I tried to double check the result with Grep, I went to the data folder in cloned virtuoso repo where all the nt files where located and ran the following grep command

grep -r -o "rdf:type" | wc -l

But, from the grep result I got 23 which is more than the SPARQL result 19

data git:(master) ✗ grep -r -o "rdf:type" | wc -l
23

I don’t know what’s wrong with the query.

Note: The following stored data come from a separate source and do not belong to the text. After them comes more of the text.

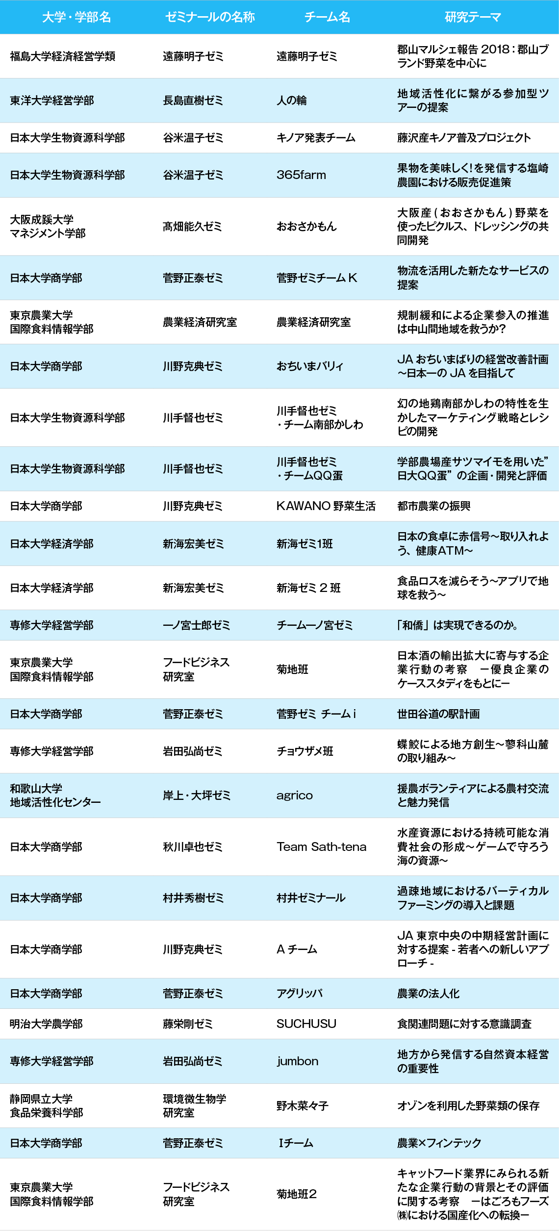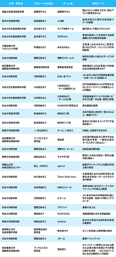 審査委員特別賞には決勝に進出した東京農業大学国際食料情報学部のフードビジネス研究室菊地班、日本大学商学部川野克典ゼミAチームをはじめ、「援農ボランティアによる農村交流と魅力発信」を発表した和歌山大学地域活性化センターの岸上・大坪ゼミナール agrico、「幻の地鶏南部かしわの特性を生かしたマーケティング戦略とレシピの開発」を発表した日本大学生物資源科学部の川手督也ゼミナール チーム南部かしわ、「食品ロスを減らそう~アプリで地球を救う~」を発表した日本大学経済学部の新海宏美ゼミナール 新海ゼミ2班が選ばれた。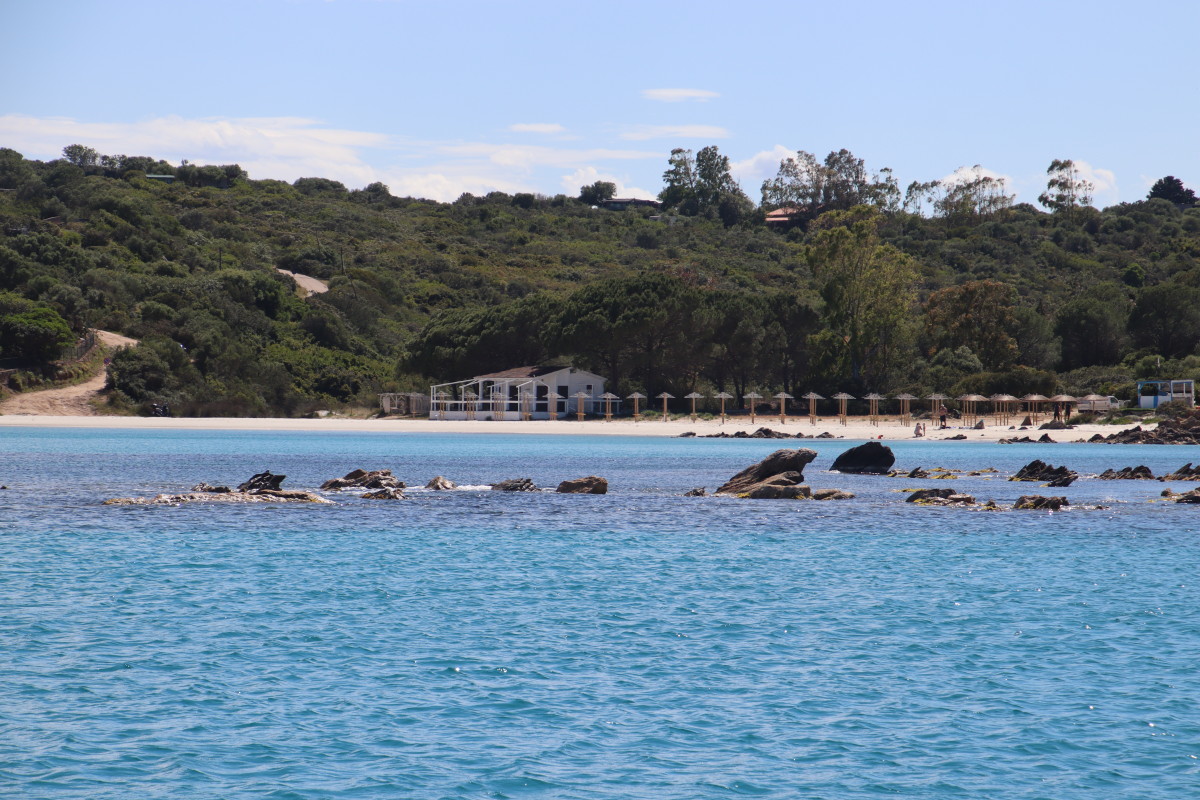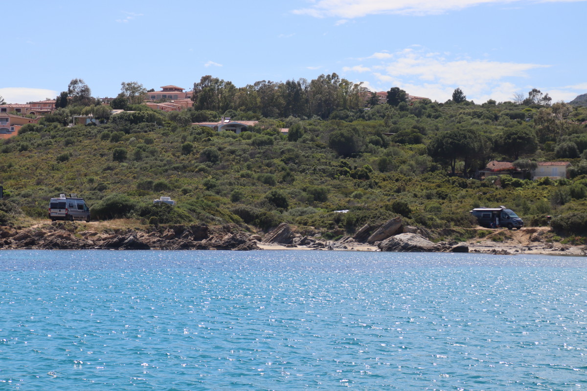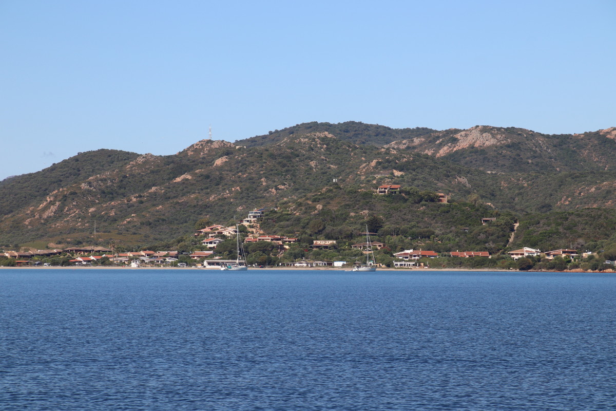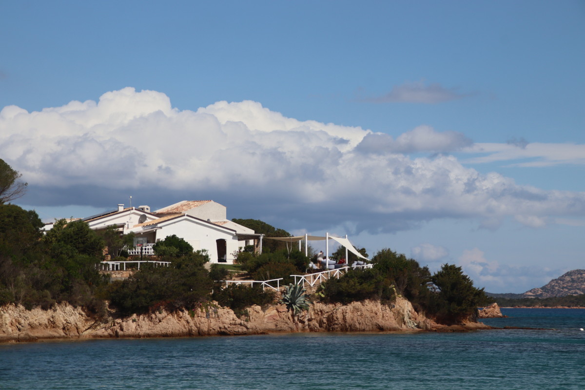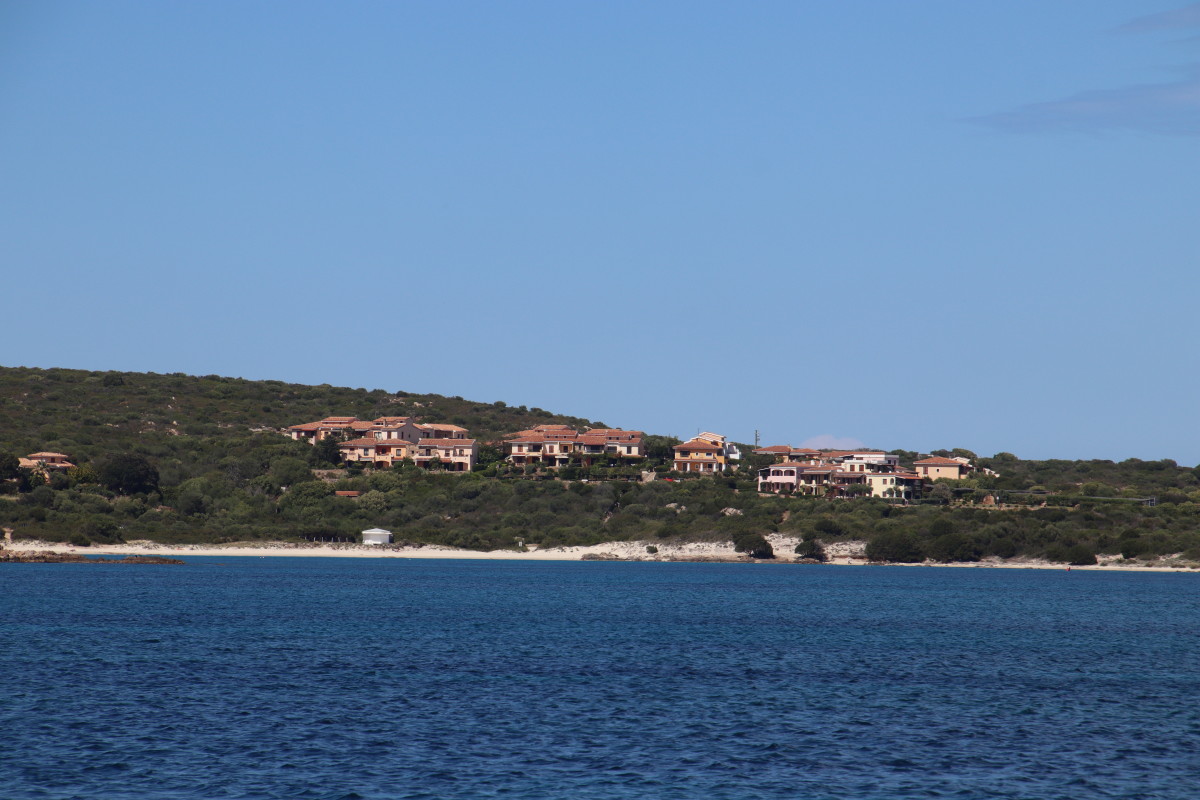 La Costa Smeralda (côte d’émeraude) est une portion de la côte sarde qui s’étend du Cap Figari (que nous avons passer hier) au sud jusqu’au port Palau (à ne pas confondre avec l’archipel de Micronésie qui porte le même nom) au nord. Avec en son centre la célèbre station balnéaire/port de luxe de Porto Cervo. Cette région à l’origine très pauvre mais gâtée par la nature de paysages marins d’une beauté exceptionnelle a été développé dans les années 1960 en un lieu de villégiature exclusive pour les plus riches et le plus célèbres de ce monde par le Prince Karim Agha Khan IV. Si l’on peut contester les bienfaits d’un tel développement sur la nature, il aurait été très bénéfique pour la population local, et il faut reconnaître que de très gros efforts ont été accomplis pour intégrer les constructions dans le paysage.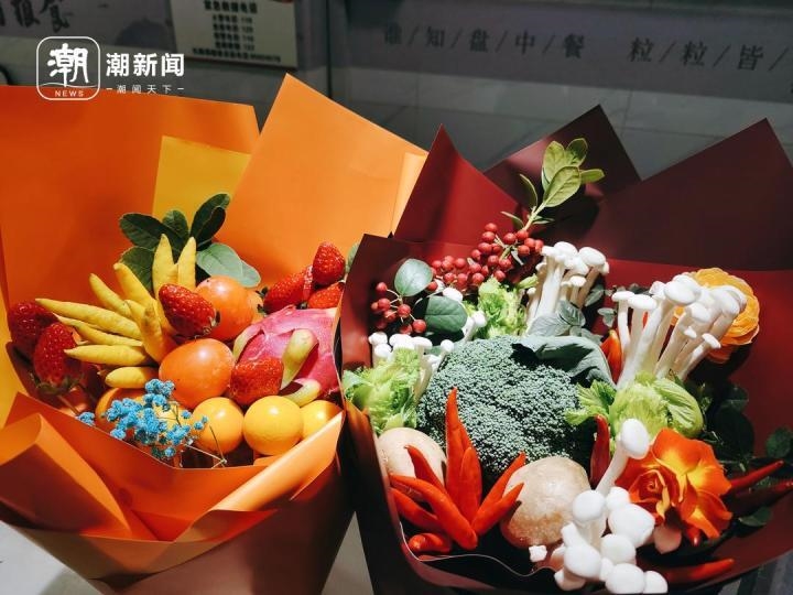最近,杭州城西的政苑农贸市场延长到晚上8点半关门。而在古荡农贸市场,每天都摆了两束别出心裁的蔬菜和水果花。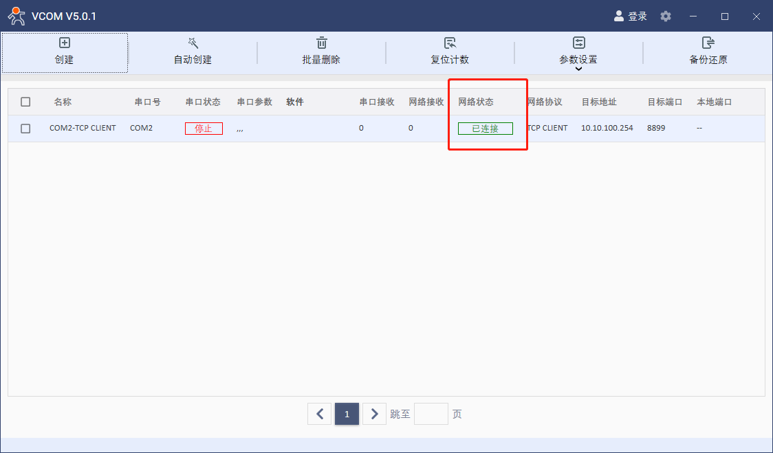 點(diǎn)擊確定之后可以看到虛擬串口的連接狀態(tài)為已連接。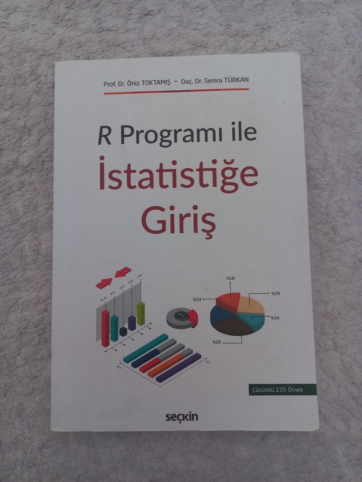 R programı kullanılarak istatistiğe giriş yapılır, 135 çözülmüş örnek içerir ve temel kavramları açıklar.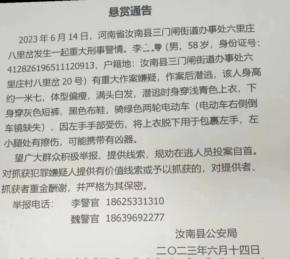 ·河南省汝南县疑似发生两人被杀命案,民警:犯罪嫌疑人已被抓获。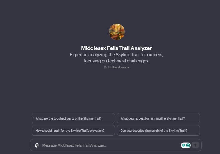 In the third experiment, I used ChatGPT as part of a customized GPT called the Middlesex Fells Trail Analyzer (see Figure 2). Users can create a ChatGPT front-end customized with privately held data and knowledge. I customized ChatGPT with five years of GPX data from my Winter Classic races, which I had recorded on Strava. The advantage of using a customized GPT was that it saved time by eliminating the need to manually load GPX data files for each new session and avoiding the costs of processing unnecessary GPX files.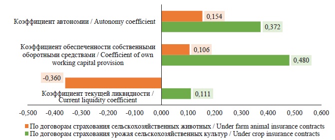 Проведенный анализ свидетельствует о высокой связи между страховыми выплатами и финансовыми результатами деятельности производителей в отрасли растениеводства. В отрасли животноводства данное воздействие выражено в гораздо меньшей степени. При этом выявлена высокая зависимость между уровнем страховой защиты (страховой суммой) и финансовыми результатами производителей в отрасли животноводства и крайне низкая связь в отрасли растениеводства. Сельскохозяйственное страхование с государственной поддержкой в контексте охвата страховым покрытием (величины страховой суммы) оказывает значительное влияние на уровень финансовой устойчивости производителей отрасли растениеводства и животноводства. В то же время связь между финансовой устойчивостью производителей сельскохозяйственной продукции и полученным страховым возмещением можно охарактеризовать как умеренную.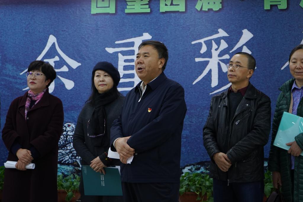 10月26日,365官网美术学院与华中师范大学美术学院西海重彩艺术研究中心挂牌仪式暨王余重彩作品展开幕式在西宁市城西区文化中心举行。校党委副书记、常务副校长马德明,华中师范大学美术学院院长、教授辛艺华博士,365官网美术学院师生代表及青海省、西宁市的美术和书法行业的相关领导参加了仪式。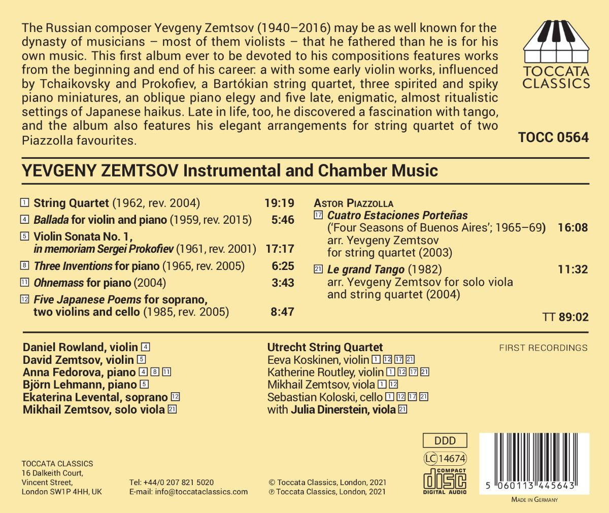 Rowland, Daniel / Levental, Ekaterina / Fedorova, Anna / Utrecht String Quartet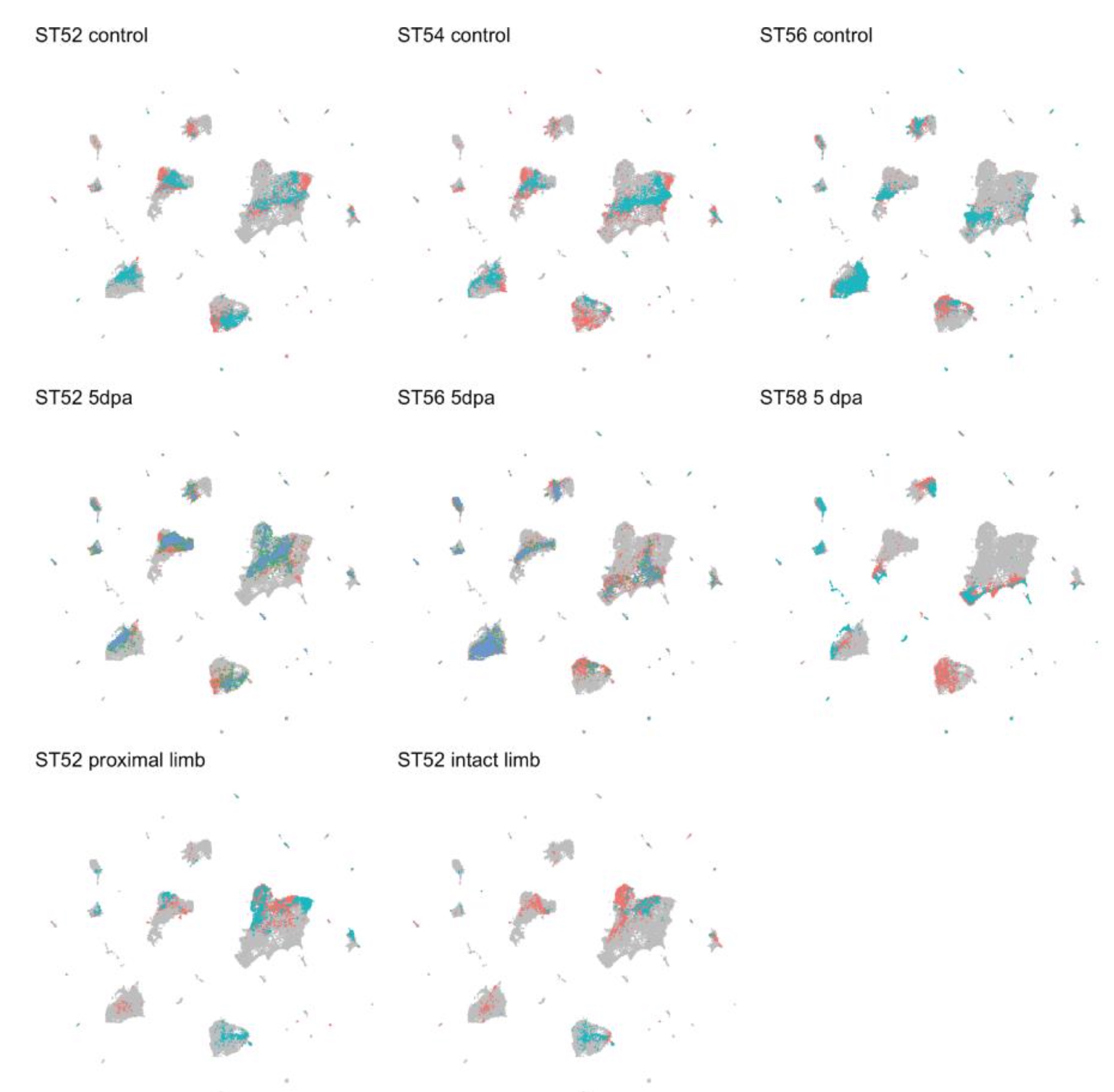 Figure S3: An atlas of cell types in developing and amputated limbs at different stages of regeneration-competence. Pooled UMAP visualization of Xenopus limb cells, with colors representing distinct cluster identities |

Also, I am not sure how to import local nt files to the same Virtuoso Instance and use Query only on that particular nt file rather that all whole databus collection.
I’m sorry if it’s a noobie question or I did anything incorrectly.

Best Regards,
Aviral

jfrey · January 29, 2023, 10:52am

hey @codecavi. thanks for your feedback. Indeed when we designed the warmup task the latest ontologies were smaller. you could have another run from scratch (so delete all the files and the database) with this smaller example https://databus.dbpedia.org/denis/collections/latest_ontologies_as_nt_sample/

please also note that your grep does something different than your SPARQL query (the distinct part)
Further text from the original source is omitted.